The most important thing for sellers, however, is the pricing and the condition of the home, he adds.

“The location is important, but those are the two things you can work on to sell,” says Stone, adding the majority of sellers are those leaving Nashville and Baby Boomers looking for less maintenance.

“I have lots of over-50 clients who want to get into something smaller with less maintenance so they can travel,” he explains.

Selling a home during a housing glut, Stone specifically advises potential sellers to not only find a realtor they can connect with but also one who can act as financial advisor.

“Number one, find a realtor who has the knowledge to price your house to sell and not necessarily to accomplish financial goals, because there is a disconnect between the two,” he says. “Sometimes people will go in and talk to an agent and realize it’s best to stay where they are. They say one of the four or the five things that does not have anything to do with selling your home is, number one, what you paid for it, unfortunately.”

Realtor of the Year is awarded annually to the GNAR member “who has made the most significant contribution to their clients, to the real estate profession and to the community.” The five immediate past winners select the winner.

Alice Walker, president of GNAR, says Stone’s professionalism, affable nature and work ethic made him a natural for GNAR’s 2010 award.

“He is a remarkable professional and a remarkable person,” Walker says. “And, it bears noting that he and his family were directly affected by the flood last May. To earn award recognition this year while rebuilding his home and caring for the needs of his family is simply amazing.”

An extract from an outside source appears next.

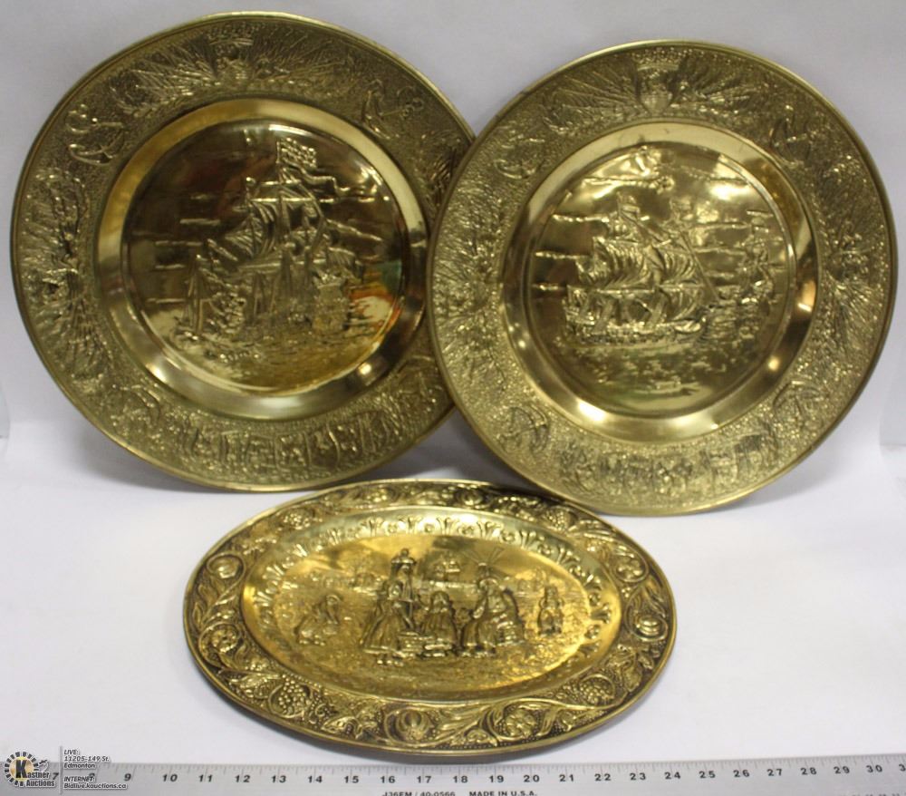 BOX OF 3 VINTAGE BRASS WALL HANGINGS

Stone also counsels those who bought during the real estate bubble, particularly from 2006 on, to stay for a few years if they are looking to recoup losses including what upgrades they may have made. However, he maintains, staging a house is still primary.

“Some of those [upgrades] are not going to give you the return on investment that you are thinking, so you need to have somebody who can tell you honestly and can help you make the right decision as to whether it is time to sell or not and to what a really good market price would be,” he says. Social networking is part of Stone’s approach to selling houses but, as usual, he takes a balanced approach.

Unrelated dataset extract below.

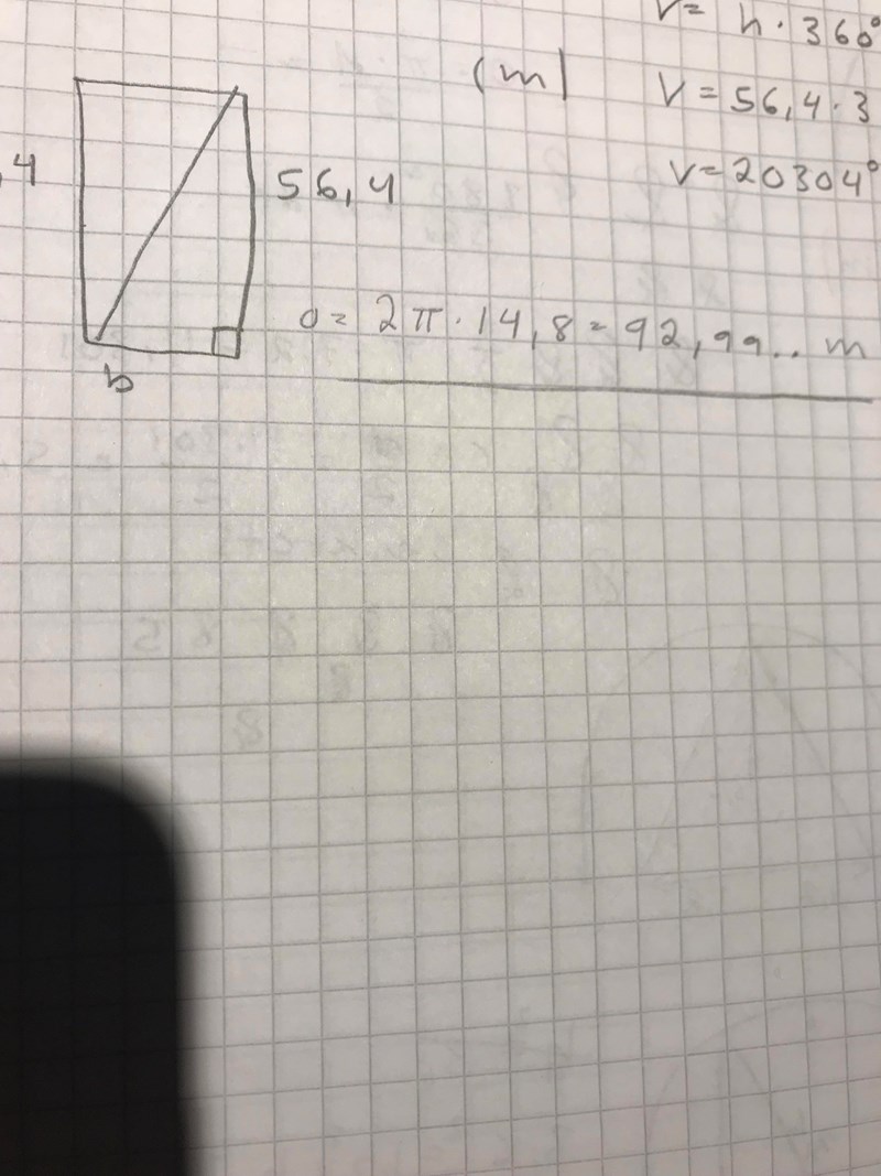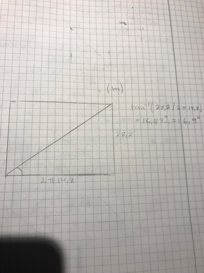 Höjden är 56,4 meter. Inuti denna cylinder bildas en triangel jag kan få en vinkel från. Jag vet inte om jag räknade ut omkretsen av spiralen rätt, eftersom den inte följer cylindern jämnt runt, utan går i en vinkel längs spiralen. Förstår inte riktigt hur jag ska kunna få basen, om nu höjden är korrekt med 56,4 m.

“I use Facebook to keep up with all my friends and real estate colleagues, but I find that if you use it for business primarily, then you lose a lot of friends,” he says.

“I’ll tweet out what the going rates are for a day, activities I see in the market. I’ll tweet that I’ve just shown a great house. I have a lot of other realtors that follow me and say, ‘You know, this didn’t work for my client, but it was nice to see this property.’ Technology is great, but there is no substitute for personal contact.”

Stone says a family home offers considerably more than bricks and mortar. His innate understanding of “a sense of place” is part of what propels him to help clients make the right decision.

“My passion is to be able to help people make a really wise decision they’ll feel good about for a long time,” he says.

Stone’s positive attitude has an infectious impact on those around him, including prominent colleagues. Richard Courtney, former GNAR president and author of the best selling inside-the-biz book “Buyers are Liars and Sellers are Too!” is not immune.

“Hagan Stone possesses a unique ability to lead while those following are having fun,” Courtney says. “Actually, they’re having a blast. More important, they are accomplishing things. I know of no one that has chaired more challenging committees and produced more incredible results. He smiles. He works. He is positive. He is brilliant. And he’s hilarious.”

Stone is a vice president of GNAR and is a director of the Tennessee Association of Realtor.